Yes, of course they’re cute, clever, creative and fun! But make no mistake about it, they are also big business – unique and exclusive to Calgary.
From Harvey the Hound of the Calgary Flames, the Stampede’s Harry the Horse and professional sports teams, corporations, colleges, universities, high schools, theme parks and festivals around the world to iconic mascots like the A&W Root Bear and the Energizer Bunny – it’s all quietly but proudly “made in Calgary.”
This year was extra special at the NFL Super Bowl. The massive crowd beamed around the world, cheering and laughing along with Pat from the New England Patriots and Rampage from the LA Rams, the two colourful, duelling mascots at the big game – by way of Calgary.
And while it was a source of genuine and quirky pride, it wasn’t the first time the Calgary company was a rousing Super Bowl hit. A few years ago, with the mascots of the two teams plus the NFL and another commercial mascot, there were four made-in-Calgary mascots on the Super Bowl field at the same time.

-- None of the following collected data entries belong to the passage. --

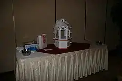 A wedding wishing well is a fancy donation box that gained popularity among bridal couples of certain countries (with one survey done in 2004 on Australia allegedly stating that up to 60% of weddings had them),[1] who have often lived together before marrying, or who have been previously married, and do not need any of the traditional wedding gifts. They are also sometimes found at showers to collect monetary gifts for the guests of honor, as well as wedding wishes or marriage quotes, poems and messages of congratulations. Wishing wells at bridal showers are popular in the NYC/NJ area. Most people bring small gifts such as spatulas or pot holders, to place in the wishing well. Wishing well gifts are in addition to gifts bought from the bride’s registry.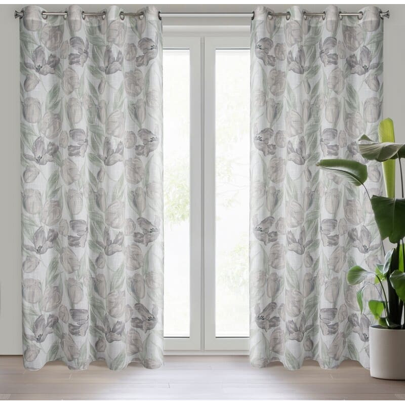 Jūsu iepirkumu grozs ir tukšs! Aizkars 140x250 Mille balti bordo ziedi gatavi ar Z10 starplikām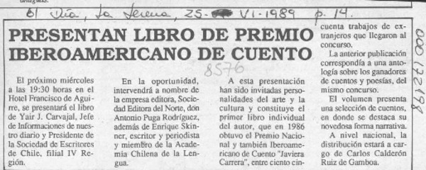 Presentan libro de premio iberoamericano de cuento [artículo].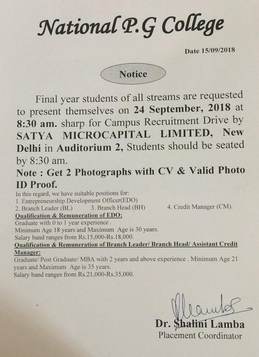 Placement Notice : Recruitment drive by SATYA MICROCAPITAL LIMITED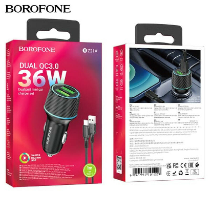 Car charger + Type-C USB cable Borofone BZ21A 36W 2USB QC3.0 1m black
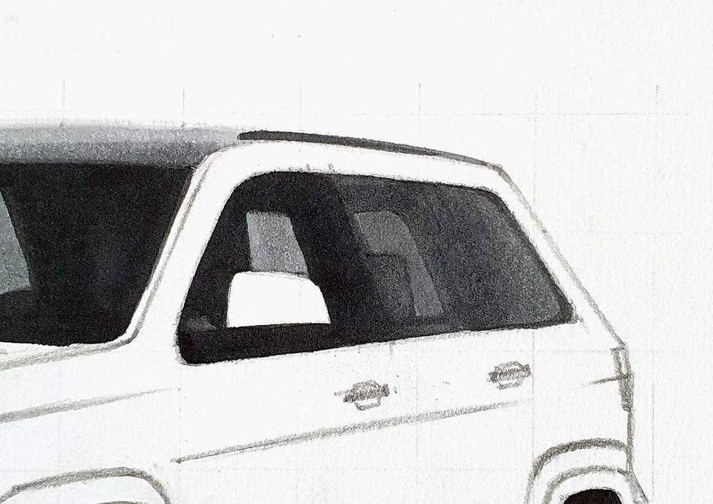 First, I used a black and a white colored pencil to add some details to the Jeep.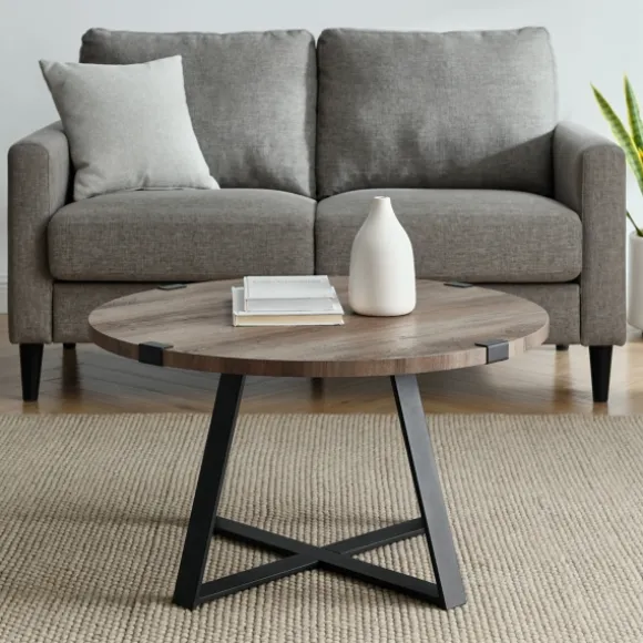 Make An Arrangement Of Books, Flowers, And Candles On Top Of This Gray Urban Rustic Round Coffee Table. Even The Top Of The Table Has Metal Accents That Create The Perfect Industrial Look For Your Space!Accent Table Measures 17H X 31 In. In Diameter Crafted Of Laminate And Metal Gray Wash Table Top Finish Black Base Finish Round Shape Natural, Wood Grain Details Durable, Laminate Table Top Four (4) Metal Legs Form The Cross Base Design Metal Legs Wrap Around Table Top Full Assembly Required Not Intended For Commercial Use Care: Dust With A Soft, Dry Cloth.This Item Is Available At Kirklands.Com Only, Not Available In Stores. Please Note: This Item Cannot Be Shipped To Apo/Fpo Addresses.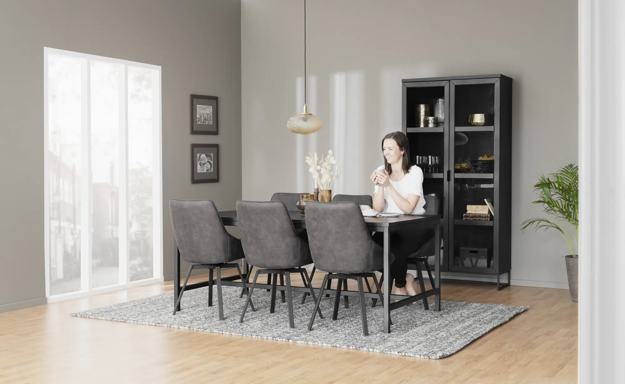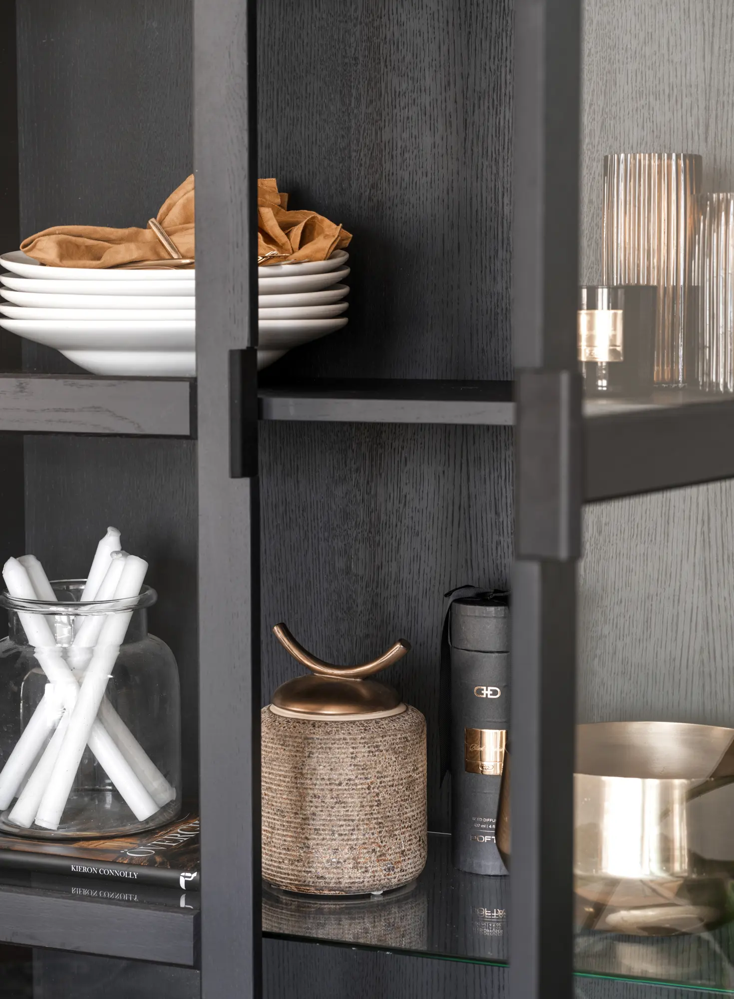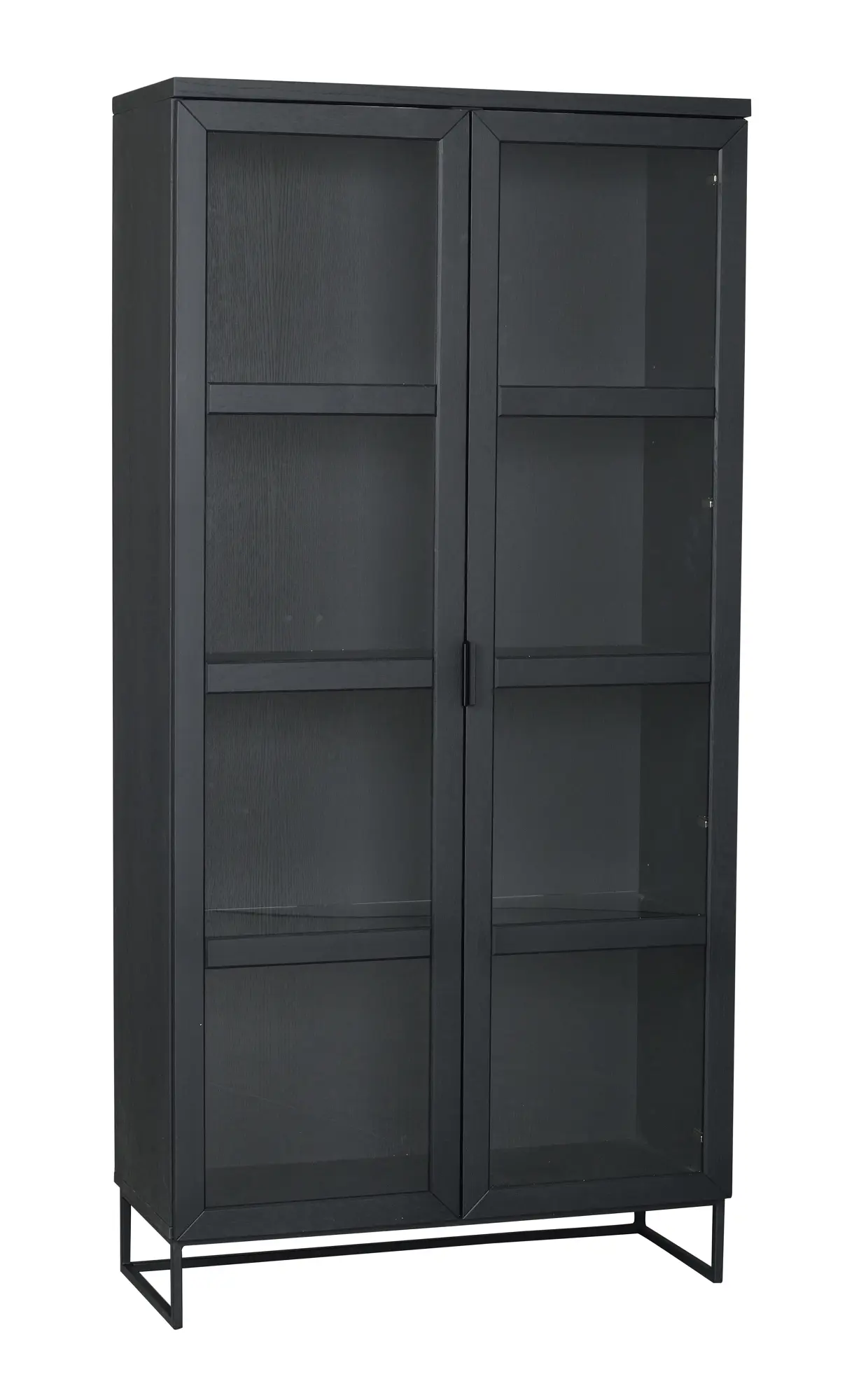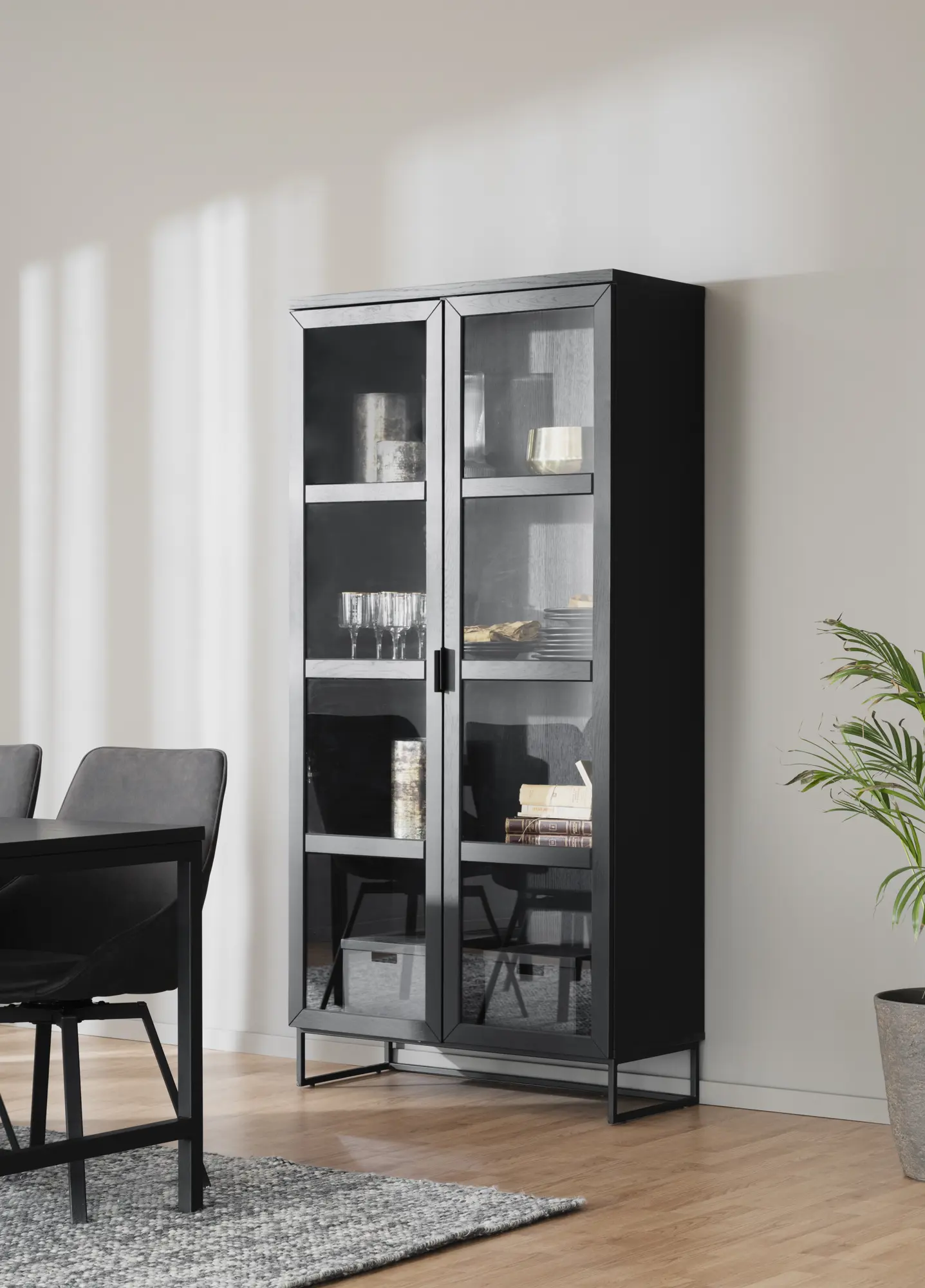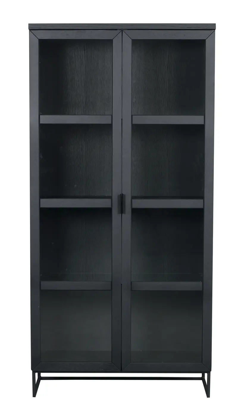 Everett er vandaður og glæsilegur glerskápur frá Rowico home úr svartri gegnheilli eik með svörtum stál fótum og handföngum ásamt glerhurðum með mjúkri lokun.

Glenn Street, formally listed as “founder and top dog” of Calgary’s Street Characters Inc., is a personable (and still amused by his job) Calgary business success story who heads a team of some 20 unusual professionals – from artistic designers to production specialists who cut and sew the special materials and prop professionals who create a gamut of quirky touches from crowns, giant (but cute) fish fins, huge buggy eyes and funny swords to manes of fuzzy purple hair and friendly fangs.
Although it’s often a quirky and fun job for the Calgary-based staff, Street adds it is also a lot of work. From the initial consultations about what the character should look like to the back-and-forth designs and the actual production, it could easily take the Calgary company two or three months to complete a $7,000-$8,000 mascot.
“More than 85 per cent of our mascots are exports, mostly because it’s more of an American phenomenon. Americans tend to be more sport wild and crazy.” He points out it’s not nearly as basic and easy as the mascots just looking like a cute or whimsical novelty. “Whether it’s on a sports field, in an arena, at a big festival or a theme park, of course creativity and design are crucial but people want to warm-up to the mascot, to like them and respond positively. Some groups, like U.S. colleges, want a don’t-mess-with-me look.
“Whether it’s a shark, a lion or a bulldog, we have to make sure it’s a friendly and humanized don’t-mess-with-me look,” Street says with a warm smile.
The function and the skills of the performer inside the oversized and sometime sweaty and claustrophobic costume is just as important. “A mascot in a theme park is totally different than being active with exaggerated movements, waving, walking and jumping to getting a crowd going for a two-and-a-half-hour football game.”
Aside from the excitement (and fun), Glenn Street explains it is a customer-driven business. “A ‘be the customer’ mindset, all the aspects of customer service and customer care and meeting deadlines is critical.
“We are also very conscious of the net promoter score – an industry measure of customer satisfaction. At one time, our score was higher than Apple,” he says with (seriously fun) Calgary spirit and pride.